Damit steht plötzlich nicht nur ein personeller Wechsel im Verwaltungsrat im Raum, sondern möglicherweise auch das Ende der Ära Hüppi. Der 68-Jährige hatte den FC St.Gallen in den vergangenen Jahren geprägt wie kaum ein anderer und den Klub nach aussen mit viel Leidenschaft vertreten.

Dass es intern rumort, deutete Hüppi bereits unmittelbar nach dem Cupsieg an. Vor laufender Kamera sprach er von «ultraharten Wochen und Monaten» und davon, dass verschiedene Kräfte auf den Klub einwirkten. Es sei seine Aufgabe gewesen, Schaden vom Verein fernzuhalten. Zudem sagte er, es gebe Tendenzen, die man in dieser Form nicht akzeptieren werde. Näher ausführen wollte er die Aussagen damals nicht.

Der nun öffentlich gewordene Machtkampf zeigt: Im Klub bestehen offenbar unterschiedliche Vorstellungen über die künftige Ausrichtung. Die designierte neue Führungsriege soll laut «Tagblatt» das Ziel verfolgen, den FC St.Gallen dauerhaft an der Spitze der Liga zu etablieren. Der bisherige Verwaltungsrat habe demgegenüber im Herbst zur Besonnenheit aufgerufen, als es darum ging, noch mehr aus dem Verein herauszuholen.

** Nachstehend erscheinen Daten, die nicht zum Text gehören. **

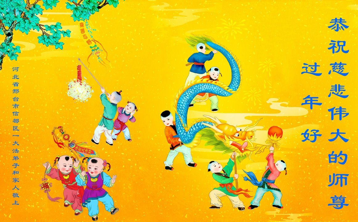 转眼又是一年,在这即将过去的一年里,弟子深知做的不足,让师父操心了。师父,弟子一定在所剩不多的时间里,牢记师尊教诲,修好自己,多救人,完成史前大愿,跟师尊回家。 河北宁晋一学法小组敬上 河北省衡水一学法小组大法弟子四人敬祝慈悲伟大的师尊新年快乐!

Für zusätzliche Brisanz sorgt die Haltung der Fans.

Der Espenblock hatte sich nach dem Cupsieg demonstrativ hinter Matthias Hüppi und den bisherigen Verwaltungsrat gestellt. Auch im Stadion waren entsprechende Spruchbänder zu sehen. Ein abrupt wirkender Kurswechsel an der Klubspitze dürfte deshalb nicht überall auf Zustimmung stossen.